A representative office (RO) is a cost center in a foreign country, acting directly on behalf of its overseas head office. Through this entity, foreign investors can set up an office in the target country and recruit staff to i) manage and promote sale contracts with local business partners and ii) research the local market and develop products and services and iii) source local customers and suppliers and iv) provide customer service support and v) offer IT and technical support and vi) supply back office administrative operations. A RO cannot conduct commercial operations nor invoice local customers.
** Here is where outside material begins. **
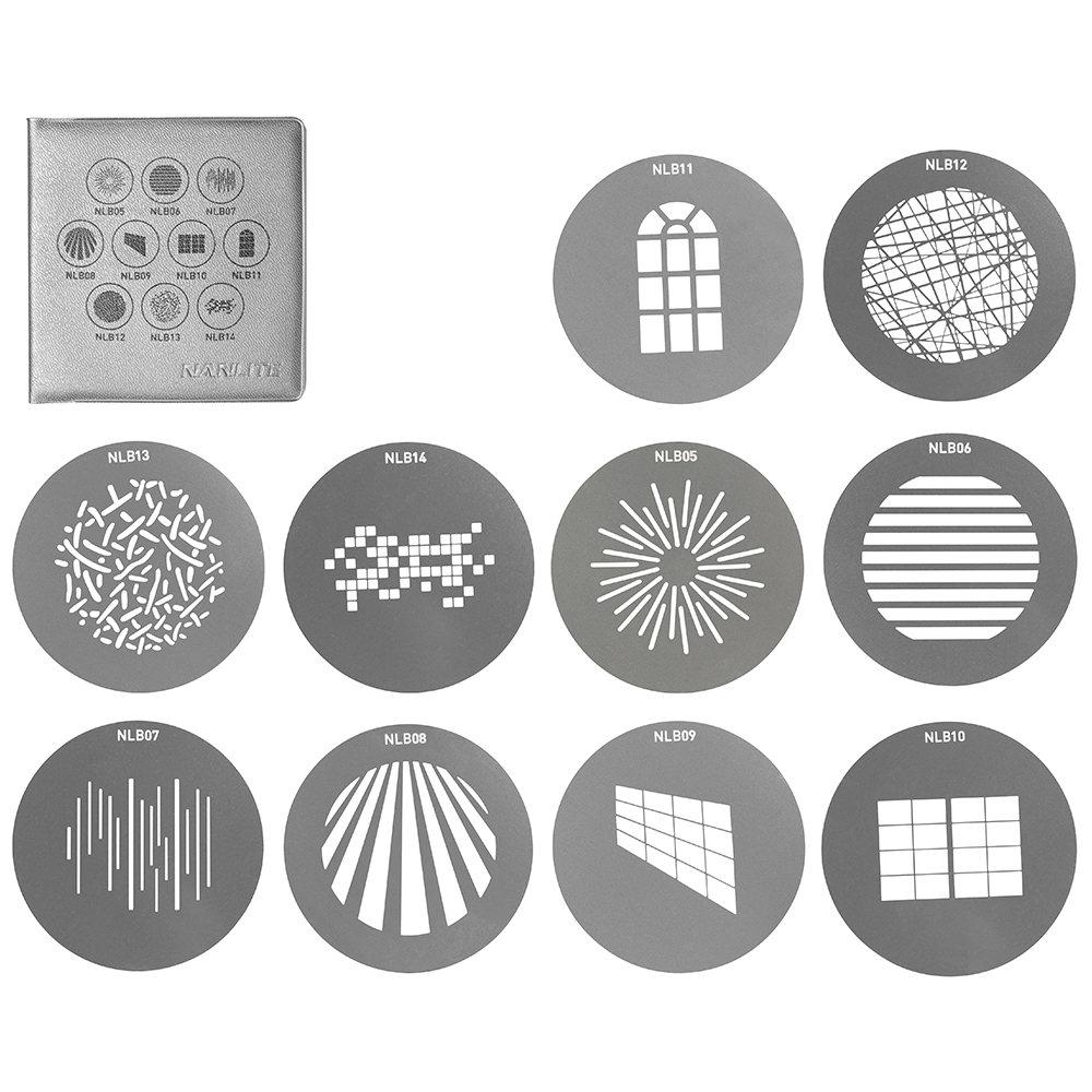 De Nanlite Gobo Set 1 is een verzameling van 10 goboschijven die volledig compatibel zijn met de FM mount Projection Attachment. Het bevat 3 afzonderlijke venstertypen: gebogen, dubbel en hoekig, en handige patronen zoals een lineaire reeks en andere uiteenvallen. Gebruik ze om meeslepende achtergronden, overtuigende schaduwen en reflecties en talloze andere effecten te creëren.

Representative offices are often used by international banks to enter a new market without needing to secure a local regulatory license.
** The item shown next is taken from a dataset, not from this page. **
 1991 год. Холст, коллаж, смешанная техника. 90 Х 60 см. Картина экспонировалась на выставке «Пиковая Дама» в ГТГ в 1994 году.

A Branch office (BO) is a profit center in a foreign country, performing the same business operations as the parent company, including generating profits. BO usually have a limited duration and are often used in the Middle East to do business with the local Government or to perform a specific project, after which the branch is deregistered.
Compare both entities
- An overseas company will establish a local representative office to conduct market research and to find local customers and suppliers. This entity is a cost centre and cannot engage in profit-generating activities nor generate income from local customers. It is often used as a satellite back-office, for technical, financial and administrative support.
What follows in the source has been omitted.